Give back an exact copy of the lines in the records below, from the line that has "Décédée à Châteaubernard" through the line that has "На полках разной", and nothing besides.

Data provided:
§ §

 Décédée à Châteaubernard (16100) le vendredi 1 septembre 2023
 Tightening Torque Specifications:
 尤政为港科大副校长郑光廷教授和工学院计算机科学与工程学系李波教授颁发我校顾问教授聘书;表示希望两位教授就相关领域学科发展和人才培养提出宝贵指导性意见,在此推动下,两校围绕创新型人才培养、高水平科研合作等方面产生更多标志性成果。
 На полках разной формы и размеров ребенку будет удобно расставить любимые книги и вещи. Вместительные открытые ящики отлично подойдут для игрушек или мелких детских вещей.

§ §

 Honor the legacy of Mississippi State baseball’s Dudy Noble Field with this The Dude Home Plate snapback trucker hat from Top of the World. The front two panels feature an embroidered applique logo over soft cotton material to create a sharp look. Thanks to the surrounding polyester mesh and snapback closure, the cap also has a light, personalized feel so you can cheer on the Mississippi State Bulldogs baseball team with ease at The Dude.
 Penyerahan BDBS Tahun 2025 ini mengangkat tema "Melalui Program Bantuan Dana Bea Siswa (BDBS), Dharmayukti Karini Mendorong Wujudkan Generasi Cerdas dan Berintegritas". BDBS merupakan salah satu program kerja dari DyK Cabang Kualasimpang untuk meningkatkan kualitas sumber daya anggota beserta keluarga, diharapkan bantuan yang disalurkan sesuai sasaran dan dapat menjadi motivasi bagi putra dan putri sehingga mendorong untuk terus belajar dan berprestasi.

§ §

Solution for this problem:
 Décédée à Châteaubernard (16100) le vendredi 1 septembre 2023
 Tightening Torque Specifications:
 尤政为港科大副校长郑光廷教授和工学院计算机科学与工程学系李波教授颁发我校顾问教授聘书;表示希望两位教授就相关领域学科发展和人才培养提出宝贵指导性意见,在此推动下,两校围绕创新型人才培养、高水平科研合作等方面产生更多标志性成果。
 На полках разной формы и размеров ребенку будет удобно расставить любимые книги и вещи. Вместительные открытые ящики отлично подойдут для игрушек или мелких детских вещей.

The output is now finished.